Frente a ello, podemos poner manos a la acción para desarrollar en casa con nuestros niños algunos juegos con elementos cotidianos que les permitirán explorar y estructurar mayores posibilidades de activar su forma de relacionarse con el acto tan importante de jugar.


- Juegos con texturas y semillas. En una bandeja o recipiente grande para manipular libremente elementos como harina, sémola, arroz, menestras, etc., eligiendo un tipo de textura para cada momento de juego, pueden incluir envases, botellas pequeñas, cucharitas, colador, embudo, etc. Se puede también dibujar, con los dedos sobre la bandeja, diferentes formas como figuras geométricas o letras para los niños más grandes, tal como dibujamos nuestro nombre en la arena mojada cuando vamos a la playa.


- Juegos de sensación en los pies. En una bandeja se coloca superficies diferentes como algodón, bolitas de papel, retazos de cartón corrugado, arroz, esponja, etc. Se coloca una superficie por bandeja y permite percibir sensaciones diferentes en la planta de los pies, es una sensación muy particular.


- Pintura con témpera. Utilizando las manos, dedos, pies o diferentes elementos como hojas de plantas, rodajas de vegetales, palitos de madera, etc. Se puede utilizar témpera sola o mezclada con un poco de crema, espuma de afeitar o goma para lograr una sensación más pegajosa.

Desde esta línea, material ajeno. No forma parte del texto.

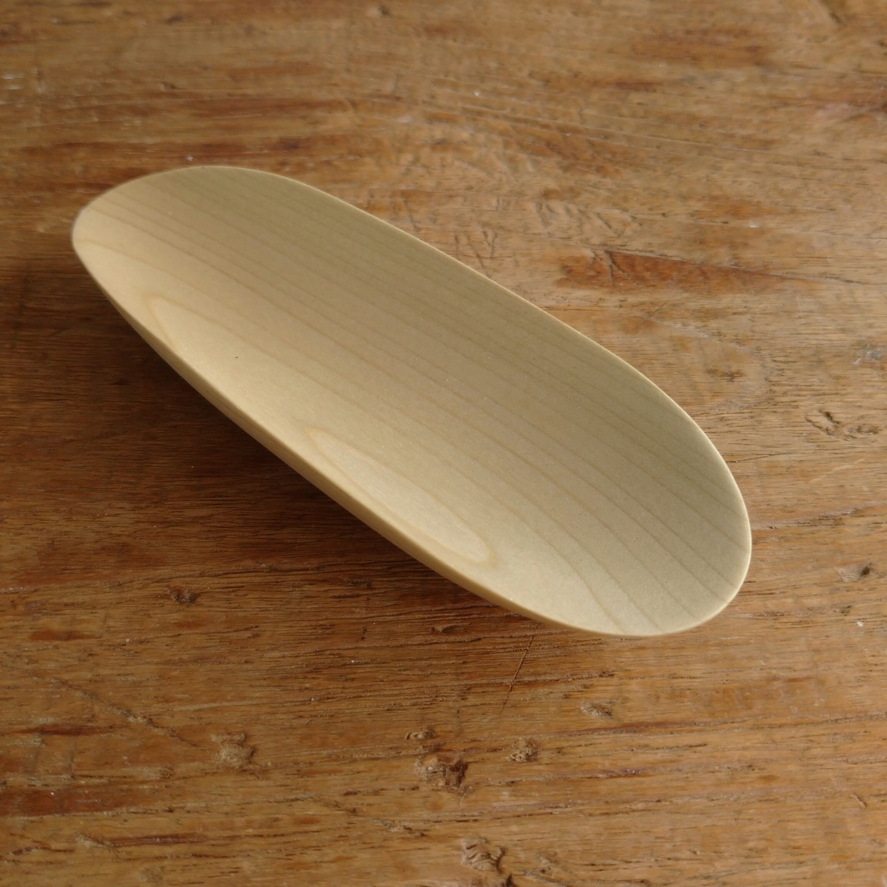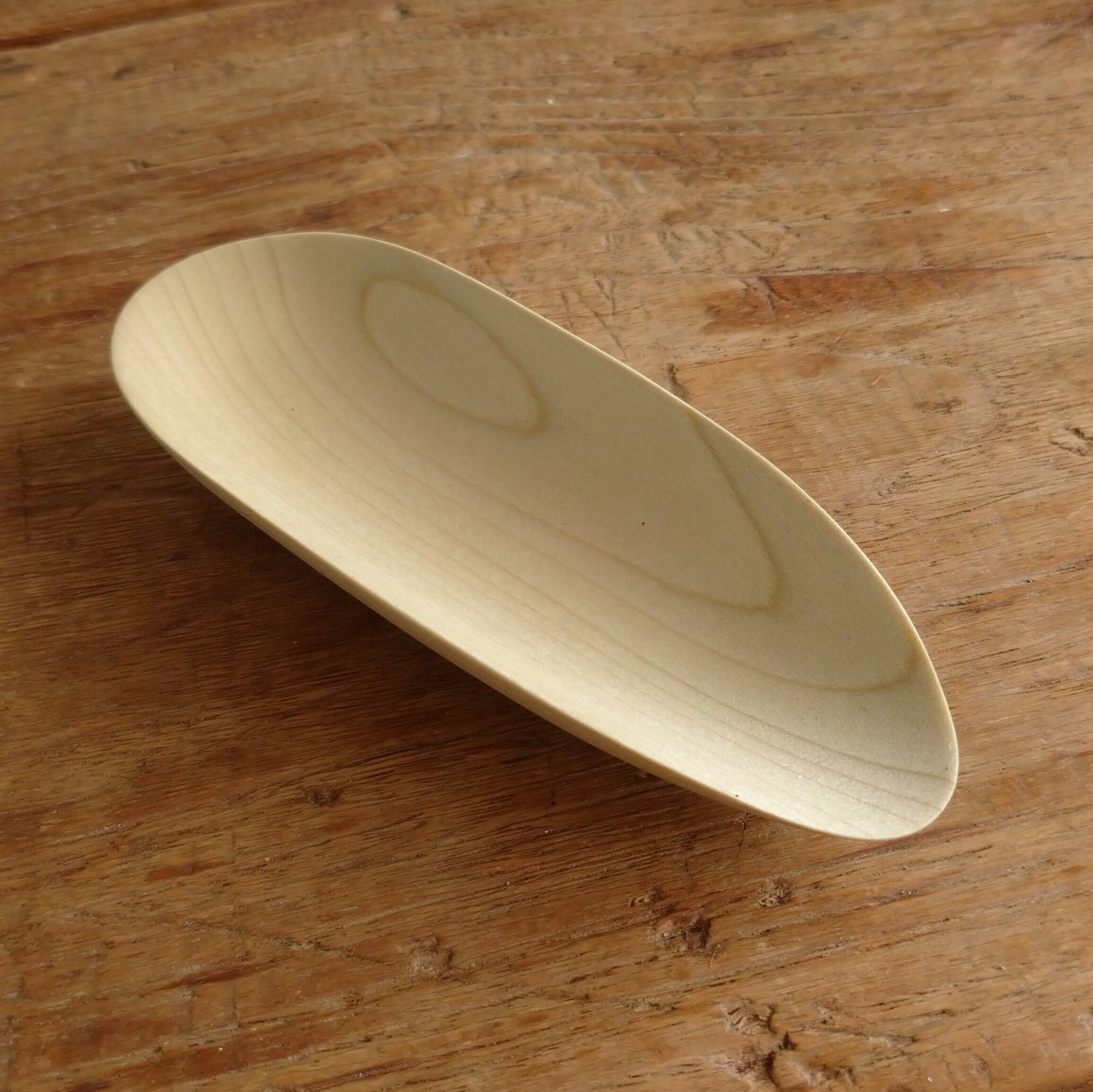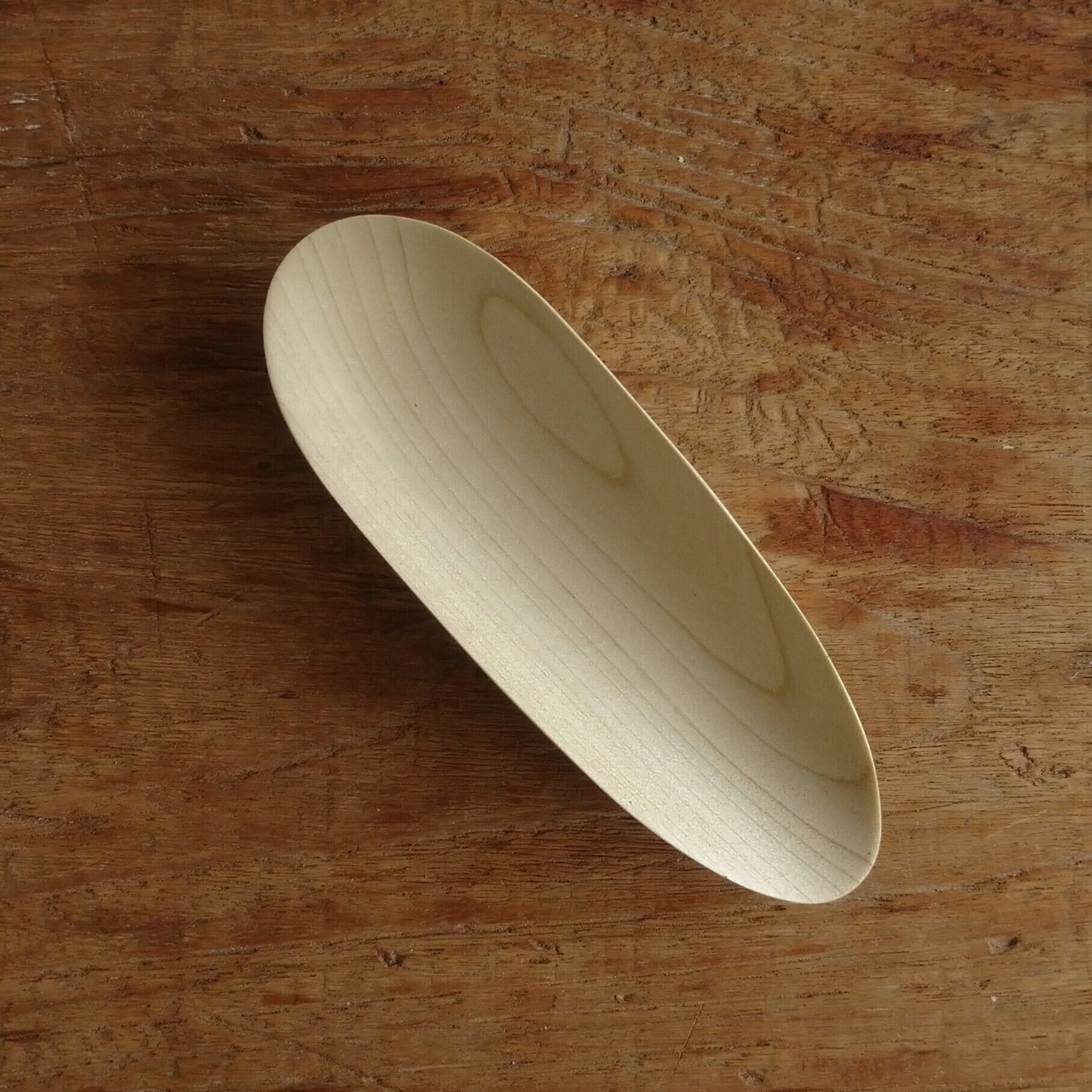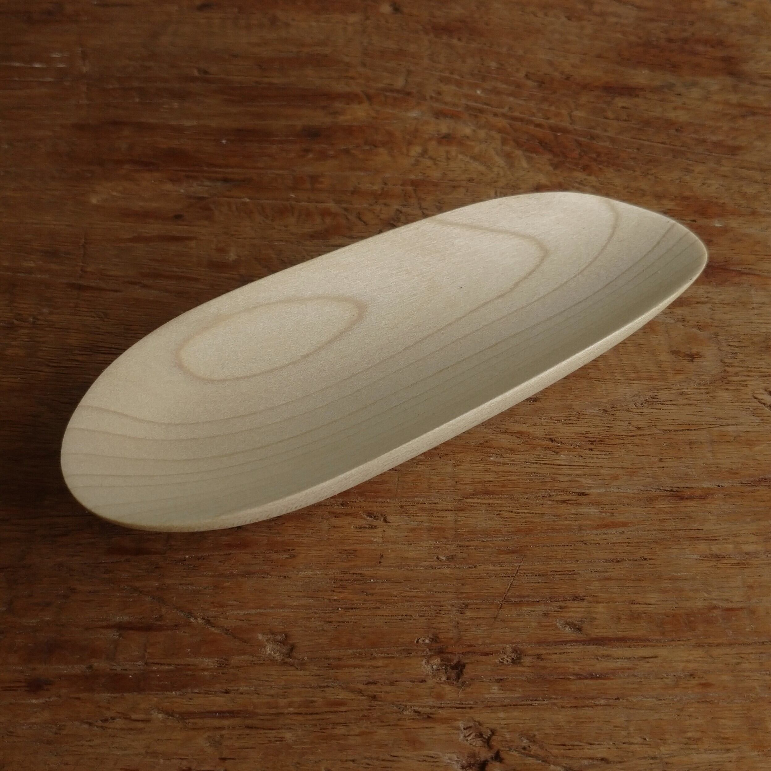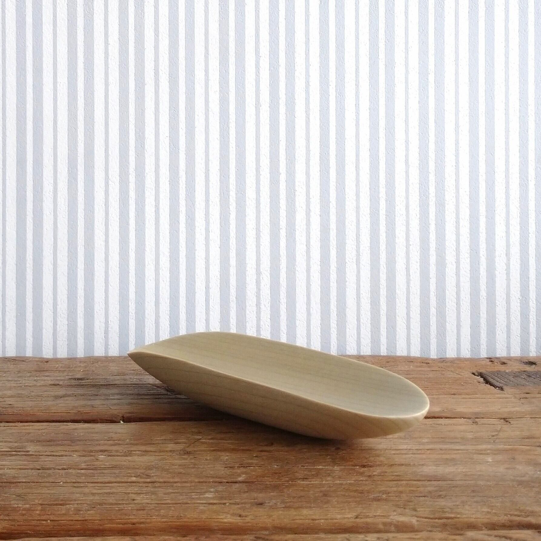 やや浅めの、笹舟の形をした茶則を作りました。鉄観音のように丸まった茶葉や、金駿眉のような小さめの茶葉を載せるのに向いています。(写真はそれぞれ、野生正山小種を5g、白芽奇蘭を5g載せています。)

- La caja sorpresa. Esconder en una caja de cartón un elemento (por ejemplo, una cuchara, una papa, un cepillo de dientes, etc.) que el niño no haya podido ver y cerrar la caja. Por dos pequeños agujeros, el niño debe introducir las manos y sin ver debe adivinar de qué objeto se trata. Con niños más grandes se puede realizar una versión similar del juego vendándoles los ojos y ya no es necesario utilizar la caja.


- Juegos con plastilina o masa casera. Moldear diferentes formas o transformar la masa utilizando palitos de madera o cucharas pequeñas. Si no cuentas con plastilina puedes fabricar una masa casera de harina agua y un poco de tempera del color preferido.


- El juego del espejo. El adulto se para frente al niño y debe hacer una serie de movimientos y el niño debe imitar cada movimiento como si fuera su reflejo en el espejo.


Finalmente te invito a recrear un juego que jugaste cuando eras niña y que lo puedes compartir con tu niño o niña, evocando la tradición familiar y haciéndolo participe de ella.





Referencia bibliográfica

Lleixa, T. (2017). Juegos Sensoriales y de Conocimiento Corporal. Paidotribo. Barcelona

Decroly, O. (2002). El Juego Educativo. Morata. Madrid.